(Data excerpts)
• • •

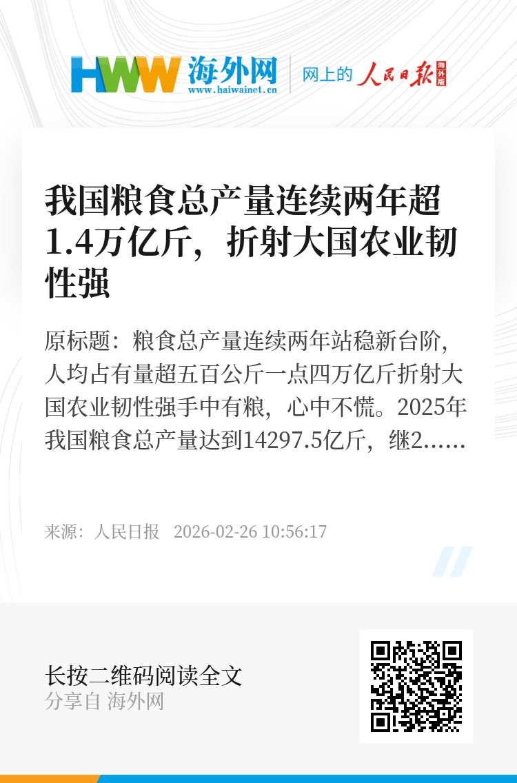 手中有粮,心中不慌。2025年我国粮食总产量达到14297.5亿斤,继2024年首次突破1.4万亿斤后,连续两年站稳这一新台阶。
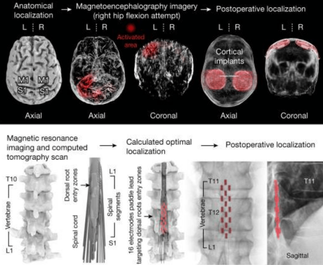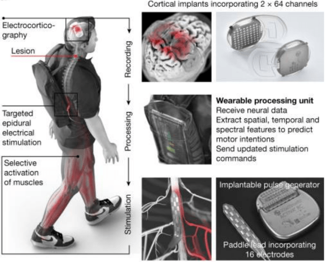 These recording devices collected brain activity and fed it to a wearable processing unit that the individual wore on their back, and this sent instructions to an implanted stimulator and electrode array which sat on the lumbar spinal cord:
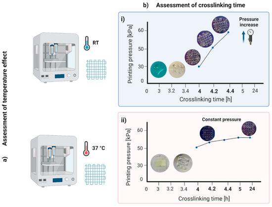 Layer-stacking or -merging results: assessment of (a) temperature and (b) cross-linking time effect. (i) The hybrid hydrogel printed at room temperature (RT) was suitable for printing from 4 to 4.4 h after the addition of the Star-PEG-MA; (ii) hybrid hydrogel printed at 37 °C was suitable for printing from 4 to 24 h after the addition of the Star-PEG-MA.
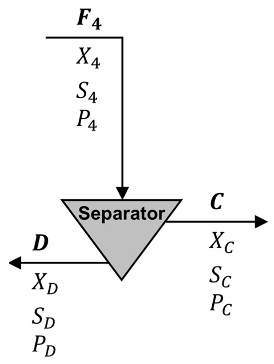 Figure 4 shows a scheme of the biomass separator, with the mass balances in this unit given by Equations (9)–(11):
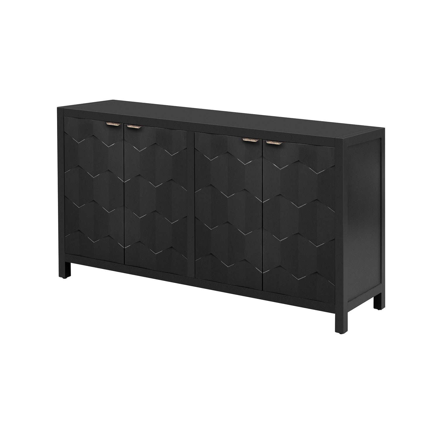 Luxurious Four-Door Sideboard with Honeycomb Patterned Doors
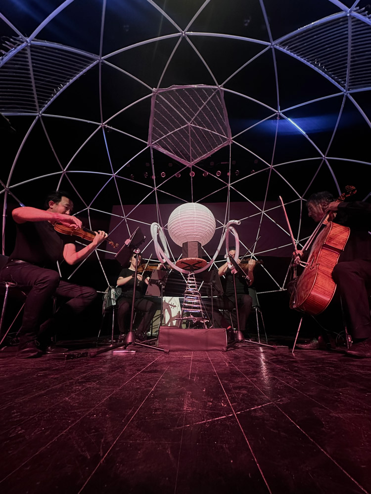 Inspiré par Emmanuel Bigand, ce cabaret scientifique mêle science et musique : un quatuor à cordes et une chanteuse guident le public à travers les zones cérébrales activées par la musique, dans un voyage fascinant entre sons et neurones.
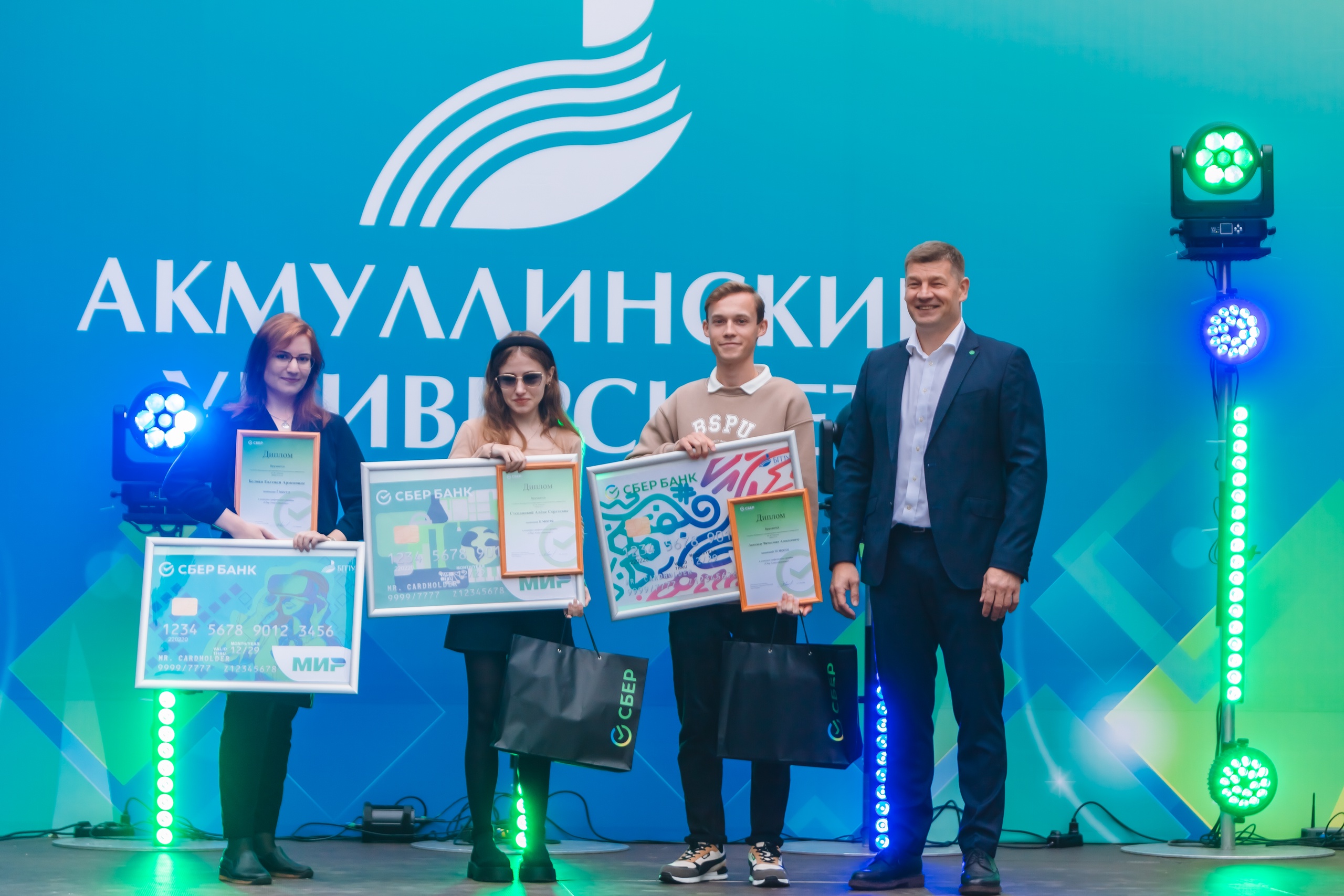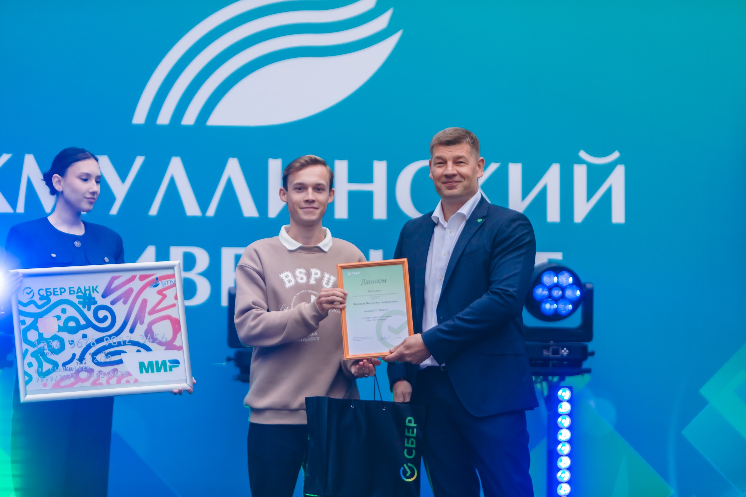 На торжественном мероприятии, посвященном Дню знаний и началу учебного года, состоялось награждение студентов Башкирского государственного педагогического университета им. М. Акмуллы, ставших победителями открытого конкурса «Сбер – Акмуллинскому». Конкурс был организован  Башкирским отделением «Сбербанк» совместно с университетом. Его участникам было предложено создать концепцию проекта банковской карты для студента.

• • •

Keeping every word as it is, write out all the data and omit the pictures.

 手中有粮,心中不慌。2025年我国粮食总产量达到14297.5亿斤,继2024年首次突破1.4万亿斤后,连续两年站稳这一新台阶。
 These recording devices collected brain activity and fed it to a wearable processing unit that the individual wore on their back, and this sent instructions to an implanted stimulator and electrode array which sat on the lumbar spinal cord:
 Layer-stacking or -merging results: assessment of (a) temperature and (b) cross-linking time effect. (i) The hybrid hydrogel printed at room temperature (RT) was suitable for printing from 4 to 4.4 h after the addition of the Star-PEG-MA; (ii) hybrid hydrogel printed at 37 °C was suitable for printing from 4 to 24 h after the addition of the Star-PEG-MA.
 Figure 4 shows a scheme of the biomass separator, with the mass balances in this unit given by Equations (9)–(11):
 Luxurious Four-Door Sideboard with Honeycomb Patterned Doors
 Inspiré par Emmanuel Bigand, ce cabaret scientifique mêle science et musique : un quatuor à cordes et une chanteuse guident le public à travers les zones cérébrales activées par la musique, dans un voyage fascinant entre sons et neurones.
 На торжественном мероприятии, посвященном Дню знаний и началу учебного года, состоялось награждение студентов Башкирского государственного педагогического университета им. М. Акмуллы, ставших победителями открытого конкурса «Сбер – Акмуллинскому». Конкурс был организован  Башкирским отделением «Сбербанк» совместно с университетом. Его участникам было предложено создать концепцию проекта банковской карты для студента.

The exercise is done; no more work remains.